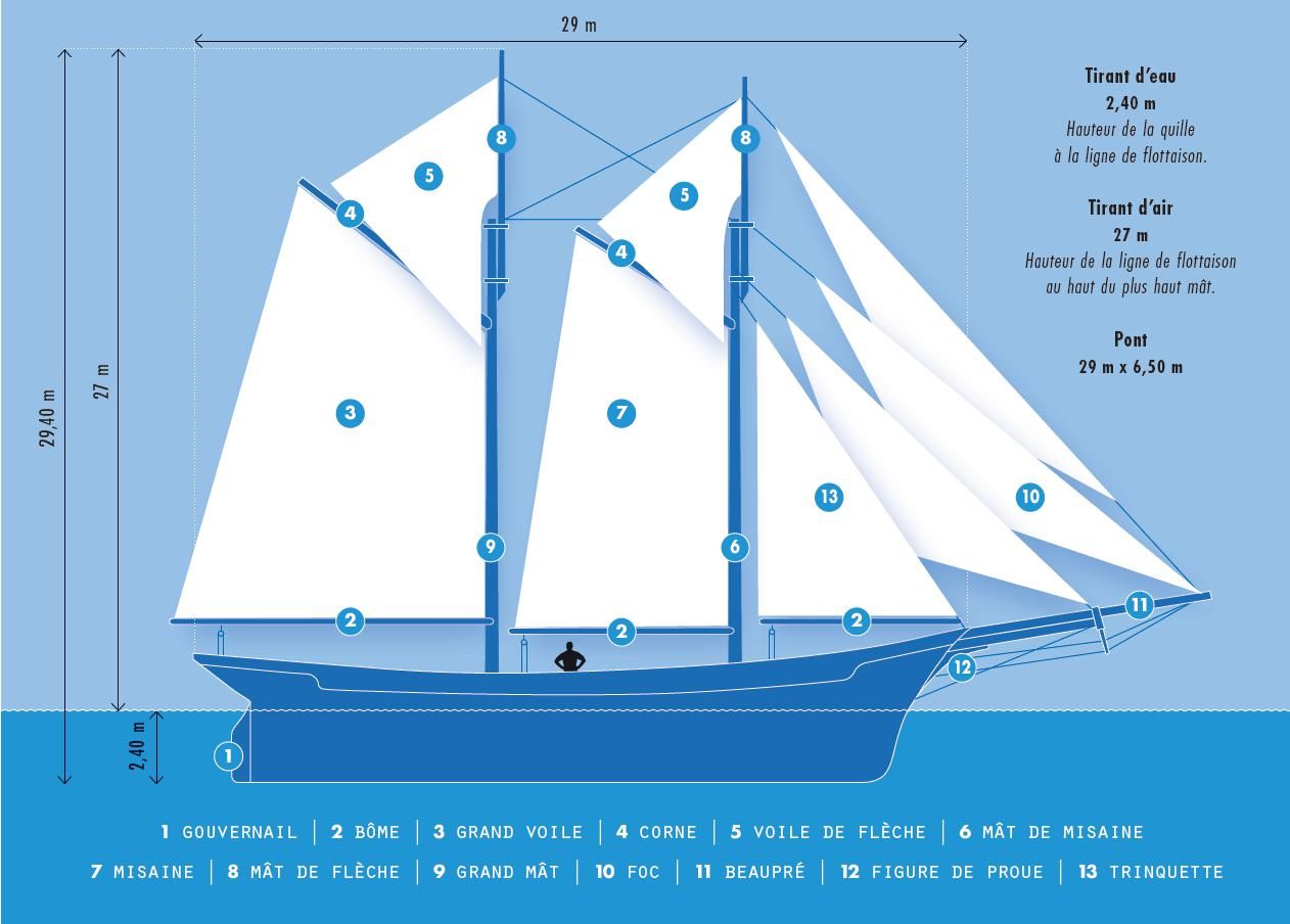 Le Miguel Caldentey est donc une goélette franche à deux mâts.
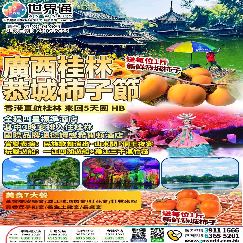 【恭城柿子】抵玩!桂林恭城柿子節5天遊・香港直航來回
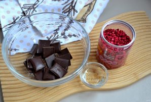Подготовки ингредиенты для окончательного декора эклеров — темный шоколад, 1 ч.л. растительного масла, опционально можно взять сублимированные ягоды (малину).
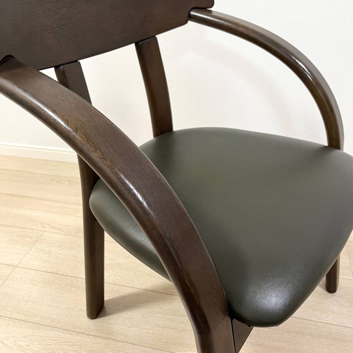 深いブラウンの木部とオリーブ系の座面カラーは、レトロカフェ・純喫茶インテリアとも相性抜群です。

· · · · ·

§ Work to complete: Copy out the data above to the letter, and keep every picture out of it.

§ Result for this task:
 Le Miguel Caldentey est donc une goélette franche à deux mâts.
 【恭城柿子】抵玩!桂林恭城柿子節5天遊・香港直航來回
Подготовки ингредиенты для окончательного декора эклеров — темный шоколад, 1 ч.л. растительного масла, опционально можно взять сублимированные ягоды (малину).
 深いブラウンの木部とオリーブ系の座面カラーは、レトロカフェ・純喫茶インテリアとも相性抜群です。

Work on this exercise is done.